Users unable to log into ALM, faced error: "ALM failed to retrieve authentication data"
Wondering if anyone came across this before and can shed some light on what may have caused it:
Yesterday all users were who attempted to log into ALM were meet with below the error:
“ALM failed to retrieve authentication data”
We have two windows ALM servers (12.21 patch 7) in high availability with LDAP authentication in place. Users meet the same error when they hit either node.
Thankfully after restarting the ALM service on both ALM servers, users were then able to successfully access ALM. Still would like to understand what happened here.
QC logs mention:
Invalid request: Remote host: xx.xx.xx.xx, Meta Data: [Function Name: Logout, Login Session ID: 21510287, Project Session ID: 10038317, Call ID: 45]. Error: Failed to obtain a connection to schema 'qcsiteadmin_xxxxxxx' - timeout expired.
Any insight appreciated
The issue reoccurred this morning. Users were unable to login. Both application server nodes returned the same error message when users attempted to log in.
"ALM failed to retrieve authentication data"
In the SA logs the following error is thrown.
"Exception thrown when executing the job I am alive
Failed to set application server's last touch time.; Failed to obtain a connection to schema 'qcsiteadmin_db_tcoe_ALM1220' - timeout expired;"
We were able to resolve by restarting the ALM service on both application server nodes but it is very concerning that this is happening randomly in our Production environment.
Our DBA's checking our database server at the time of the issue and did not find anything of concern.

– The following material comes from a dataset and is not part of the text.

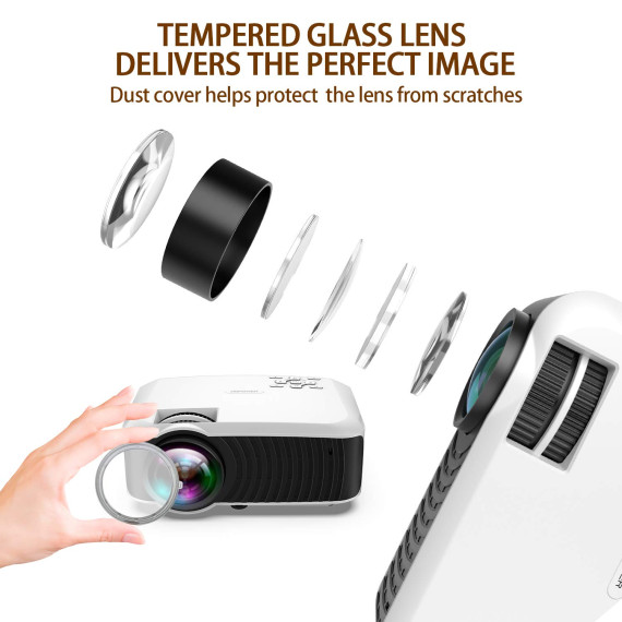 Make sure this fits by entering your model number. HIGH QUALITY IMAGE HD PROJECTOR AND 3D FUNCTION: With 2400 lumens and a contrast rate of 2000:1, this upgrade DBPOWER projector is 70% brighter and sharper than basic LED projectors. Moreover, it supports 3D function, making it ideal for home entertainment, watching movies, playing games, viewing photos etc. ADJUSTABLE PROJECTION SIZE: Projected screen size is from 30 to 176 inches with a projection distance of 1.1 to 5m. Suitable for use in both big and small rooms. IMPROVED NOISE-REDUCTION SYSTEM AND LONG LIFE LAMP: The DBPOWER T22 video projector is equipped with a reduced-noise fan which cuts fan noise by half. In addition, the advanced LED lamp could work at least for 50000 hours, twice time than same price level projectors. CONNECTING EASILY TO YOUR PHONE: With a HDMI dongle(not included), you could connect your smartphone (support MHL function)/ iPad to the projector, perfect and convenient for home entertainment. LEADING WARRANTY & SERVICE: A 3-YEAR warranty with professional customer service & technical support is supplied. Any questions, tell us by amazon messages. P.S: We do NOT recommended it for PPT or business presentations.

Looks like data server, repository server and application servers are not rebooting in correct order (one after after another) after weekend maintenance due to which you are facing this issue. Issue is occuring because DB server might not be fully up at the time application service wanted it to be available.
Ideally , both your database server and application sever should not be restarted at same time.
We have to ensure that application server should restart only after both database server and repository server has been restarted and is available ( up and online).
What you can do as keep the database sever patching maintenance in a week prior to application server patching , this way both servers will be on different week schedules and outage can be eradicated.
I checked the server boot times as you suggested.
DB Server: 06/21/2020 7PM
App Server 1: 06/20/2020 10PM
App Server 2: 06/20/2020 10:30PM
Repo is on a NAS share. Server was not rebooted.
However, this issue occurred on Friday June 19th, before any servers were patched and rebooted.
So the issue seems to be that on random occasions the application loses connection to the qcsiteadmin_db
Our systems support and DBA's would definitely notify us if there was an issue with the DB server losing network connectivity or being unavailable.
We use Dynatrace monitoring on all of our servers and I cannot see anything in there this morning when the latest instance of this issue occurred.
Yes true, from the error log it seems to be a random issue with the connection to the SA schema in your DB server.
Please check the stability of the DB server network, and another check point is if your DB server is under some maintenance work impacting the availability of that specific schema.